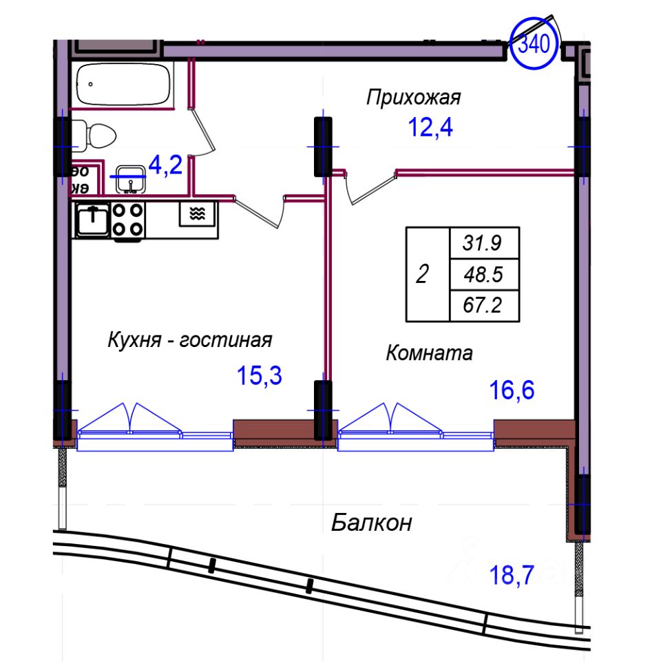 Общая площадь67,2 м²
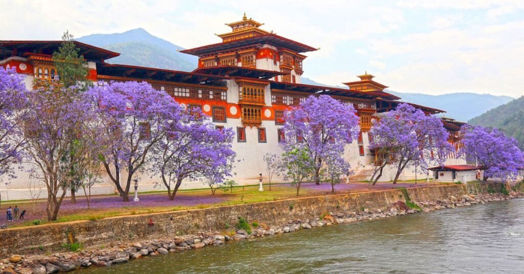 2. Punakha Valley – Rivers, Temples, and Purple Jacarandas
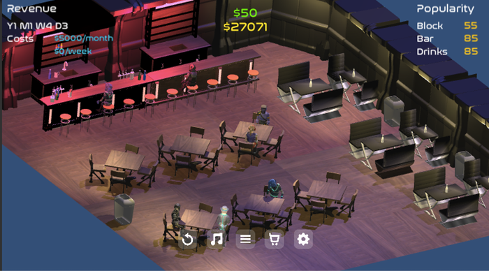 We’ve finished implementing the new bar environment into gameplay, which is unlocked via upgrading the bar and unlocking the second floor. It will open up many more customization and dialogue opportunities, in addition to allowing you to serve more customers.
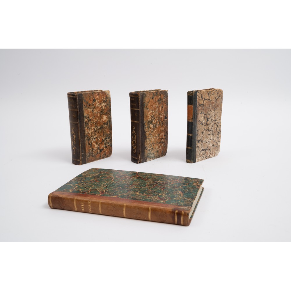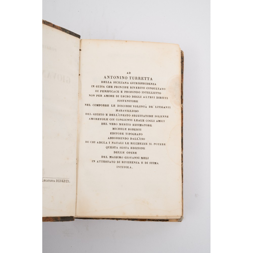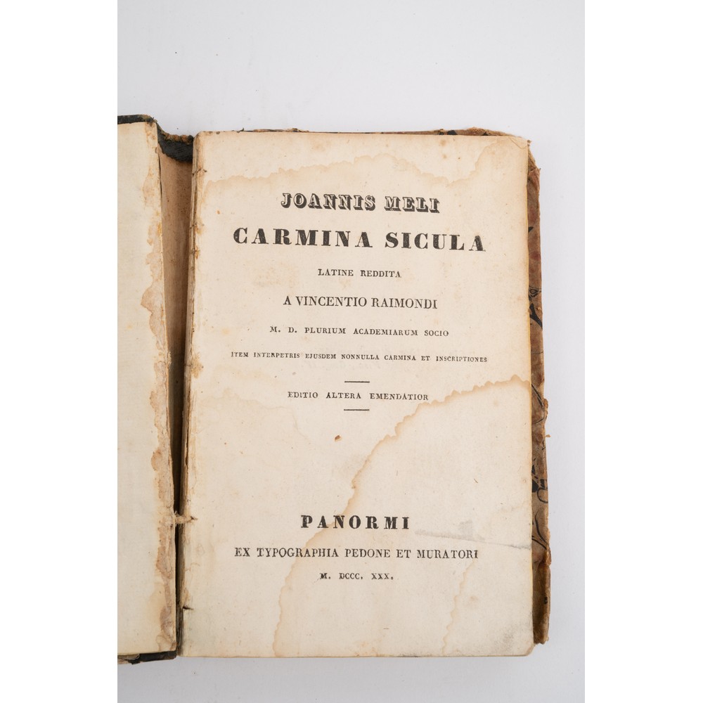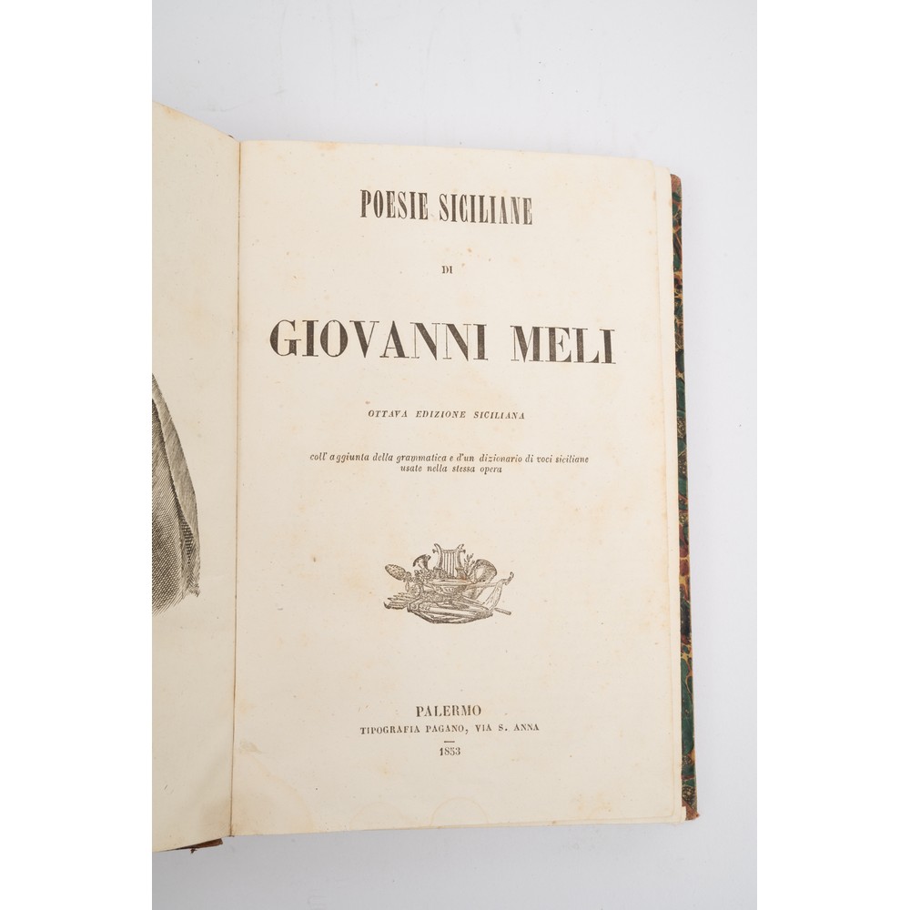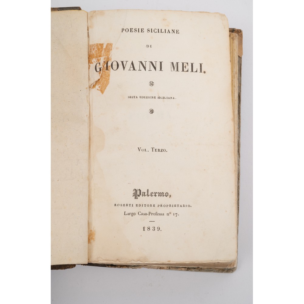 QUATTRO VOLUMI DELL’ABATE GIOVANNI MELI: 1) Joannis Meli CARMINA SICULA, ED. Panormi, Ex Typographia Pedone et Muratori MDCCCXXX. In 16°. Legatura in mezza pelle con piatti marmorizzati e tioli in oro entro tassello al dorso. Fregi in oro al dorso. Gore e fioriture alle pagine. Pp. XIII, 122 (1). 2) POESIE SICILIANE DI GIOVANNI MELI, ed. Palermo, Roberti Editore 1839. Sesta edizione siciliana. Opera dedicata ad Antonino Turretta. 2 volumi in 16°. In antiporta del 1° vol. ritratto inciso dell’Autore. Quattro tomi in due volumi. Legatura in mezza pelle con piatti marmorizzati e tagli spruzzati. Titoli e fregi in oro ai dorsi. Pp. V, 281 (6); 280 (1).3) POESIE SICILIANE DI GIOVANNI MELI, ed. Palermo, Tipografia Pagano 1853. Ottava edizione siciliana. Coll’aggiunta della grammatica e d’un dizionario di voci siciliane usate nella stessa opera. In 8°. In antiporta ritratto inciso dell’Autore. Stampato su due colonne. Legatura in mezza pelle con piatti marmorizzati e tagli spruzzati. Titoli e filetti in oro ai dorsi. Macchie e fioriture alle pagine. Pp. 323, XL.

## EXERCISE DETAILS
The required output is the listing above reproduced exactly, pictures removed.

## RESPONSE TO THE EXERCISE
 Общая площадь67,2 м²
 2. Punakha Valley – Rivers, Temples, and Purple Jacarandas
 We’ve finished implementing the new bar environment into gameplay, which is unlocked via upgrading the bar and unlocking the second floor. It will open up many more customization and dialogue opportunities, in addition to allowing you to serve more customers.
 QUATTRO VOLUMI DELL’ABATE GIOVANNI MELI: 1) Joannis Meli CARMINA SICULA, ED. Panormi, Ex Typographia Pedone et Muratori MDCCCXXX. In 16°. Legatura in mezza pelle con piatti marmorizzati e tioli in oro entro tassello al dorso. Fregi in oro al dorso. Gore e fioriture alle pagine. Pp. XIII, 122 (1). 2) POESIE SICILIANE DI GIOVANNI MELI, ed. Palermo, Roberti Editore 1839. Sesta edizione siciliana. Opera dedicata ad Antonino Turretta. 2 volumi in 16°. In antiporta del 1° vol. ritratto inciso dell’Autore. Quattro tomi in due volumi. Legatura in mezza pelle con piatti marmorizzati e tagli spruzzati. Titoli e fregi in oro ai dorsi. Pp. V, 281 (6); 280 (1).3) POESIE SICILIANE DI GIOVANNI MELI, ed. Palermo, Tipografia Pagano 1853. Ottava edizione siciliana. Coll’aggiunta della grammatica e d’un dizionario di voci siciliane usate nella stessa opera. In 8°. In antiporta ritratto inciso dell’Autore. Stampato su due colonne. Legatura in mezza pelle con piatti marmorizzati e tagli spruzzati. Titoli e filetti in oro ai dorsi. Macchie e fioriture alle pagine. Pp. 323, XL.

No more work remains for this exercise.